А вот это вот зря он так – в электричестве корабельном не всякий электрик без описания обойдется, а уж я-то…

– А он электрик же по специальности, – выручает Антоныч, – тоже, думаю, не завалите!

– Я-то и не завалю?

– Нет, вы-то завалите, но, в общем, я бы на вашем месте, если позволите, начал бы со средств движения корабля!


О, вот это, я понимаю, взаимовыручка! Там-то простота, когда разберешься, а я в этом как раз недавно разобрался, да и одно дело, если бы меня механик по образованию пытать собирался, а тут – люкс, что, я ему не навру, чуть что?

– Ну как скажешь, Антоныч! Эдуард! А доложи-ка мне, будь так любезен, устройство ГТЗА, если тебя это, конечно, не затруднит!

– Есть! – отвечаю. – Доложить устройство ГТЗА!


Достаю листок и, с трудом сдерживая себя, чтоб не насвистывать от облегчения, начинаю чертить принципиальную схему. Черчу секунд пять – как раз первый квадратик успел нарисовать.

– Ну? Чего молчишь?

– Схему рисую!

– Какую схему?

– Какую задано, ту и рисую – ГТЗА!

– Покажь! – смотрит на мой квадратик. – Да ну! Схему ГТЗА любой школьник нарисует!


Не знаю, как там у них было в школах Витебской области, но у нас, в Минской, я в школе даже и слов-то таких: «ГТЗА» – не знал.

– Давай, брат, конкретику мне! Не надо мне киселя этого по губам разводить! Давай коротко и ясно!

– Главный турбозубчатый агрегат… – начинаю я давать.

– Не, не, не – конкретно давай, без предварительных ласк!

– …Состоит. Э… турбины у нас две!

– Зачо-о-о-от! Шучу-шучу, не бойся, – не зачет еще! Пройдемся по конкретным цифрам. Так… что бы у тебя спросить-то… Полегче, для начала. А! Блядь, точно! Сколько лопаток в турбине? Докладывай!

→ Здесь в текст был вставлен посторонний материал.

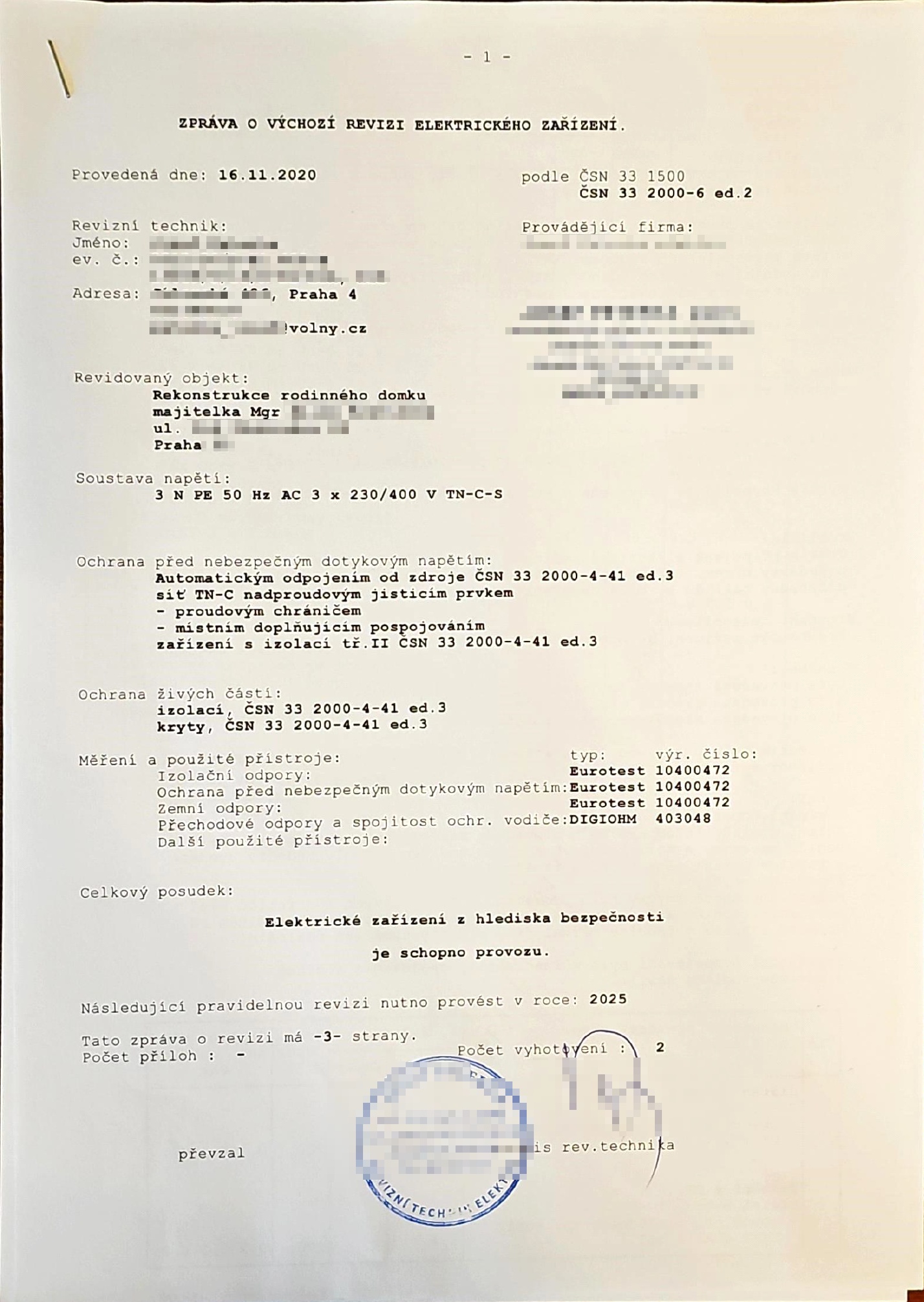 Pokud jste dočetli až sem a zatím vám z toho nepraskla hlava, máte mou velkou úctu. Revizní zpráva k elektroinstalaci není ze zákona povinná, ale může vám ušetřit mnoho starostí. Pokud ji budete mít přiměřeně čerstvou a revizní technik potvrdí, že je elektroinstalace v pořádku, máte v ruce solidní obranu proti případnému budoucímu nařčení ze skrytých vad v případě, že by se ukázalo, že je s elektrickou soustavou cosi v nepořádku. Tento bod tedy neberte jako nutnost, jen jako mé doporučení, zejména pokud hrozí, že by taková situace mohla nastat. Seznam certifikovaných techniků přikládám.

Я, конечно, не турбинист и техническое описание турбины изучал довольно поверхностно, можно даже сказать, что и наискосок, но удивительно – как я даже порядок цифр не запомнил? Кошусь на Антоныча – Антоныч усиленно не замечает этого.

– Не знаю, тащ контр-адмирал, – честно признаюсь я, потому что пауза затягивается и загибать пальцы, шевеля губами, тоже не вариант – нет у меня столько пальцев.

– Видал! Ха-ха! Первый выстрел – и сразу в яблочко! Вот как с вами плавать-то можно, когда вы таких элементарных вещей не знаете, а? Стыдно тебе хоть?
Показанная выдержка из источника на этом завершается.